The second river of Surrey is the Mole, a more untamed stream than the Wey, not harnessed to any occupation unless angling and pleasure-boating by stretches, or here and there the turning of a mill. The name has been taken for a little joke of our ancestors, as denoting the way in which at one part of its course this river tries a trick of burrowing in hot seasons--

That, like a nousling Mole, doth make His way still underground, till Thames he overtake.

But it seems doubtful whether the name of this retiring animal be as old in English as that of Molesey, the Mole island, where the river enters the Thames at what is now rather a chain of shady islands, a noted port of pleasure-boats; and the name Tagg, that has taken such banyan-like root here, seems also to have a smack of Saxon origin. The Emlyn is the Mole's old _alias_, which has been connected with a Celtic word for "mill"; and when we compare the Latin _Mola_ and _Molina_ a more probable origin of the name may be suggested. But such a derivation also is scouted by one of the chief pundits of English etymology, who guesses rather that "Mole has been manufactured by backward inferences out of Molesey, and that this contains the genitive of a personal name"--perhaps some Tagg of primitive days.

To its obscure name poets have added such epithets as the "sullen" Mole, the "soft and gentle" Mole, and the "silent" Mole. The "sulky" Mole sometimes suggests itself; and the "wild" Mole would be not out of place in flood time. In its upper course it has ripples and rushes; and as it pushes through the chalk it may give itself up to the freaks of its "swallows"; but in general this "wanton nymph" takes a rather tame career on a flat arena, showing its friskiness chiefly by curving turns, or by cascades too neat to be natural; often, too, it varies its mood between weedy shallows and curdling pools; now it seems to sleep under a crumbling meadow bank; now it tries a run beneath a wooded slope, or steals out of a vault of trees to be half-buried in "weeds of glorious

[Illustration: WATER LANE, NEAR EAST HORSLEY.]

feature"; then at last it creeps slowly over the Thames plain, like an idle scholar who knows what tasks await the end of its holiday independence. In the final mile or two it makes an attempt at a delta of two branches, that to the right styled the Ember river.

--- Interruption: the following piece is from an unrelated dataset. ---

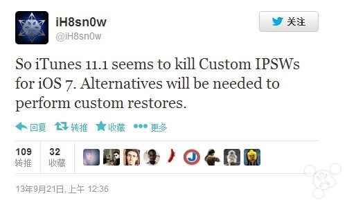 本周初在 iOS 7 正式发之后,苹果很快就更新了 iTunes 11.1,新增了多个重要功能,包括 iTunes 广播、Genius 随机播放、与 iOS 7 同步等。不过根据著名黑客 iH8Sn0w 在推特中的最新更新,苹果在 iTunes 11.1 已经禁止恢复 iOS7 的 IPSW 自制固件。

The Mole justifies its name in seeming shyer than the Wey, keeping clearer of towns, and being not made familiar to wayfarers by a tow-path. Much of its stealthy course, indeed, is imprisoned in private grounds, whose owners may be jealous of angling rights; the Mole has even been chained and brought into law courts. In following it upwards, we must often be content to keep near its bed, sometimes only to be stuck to by ordeals upon muddy banks, in thorny gaps, over barbed wire fences, or in face of threatening notices to trespassers; and even the footpaths that lead from church to church, or cut off angles of high-roads, are seldom so far left to themselves as to follow the windings of this vagrant river.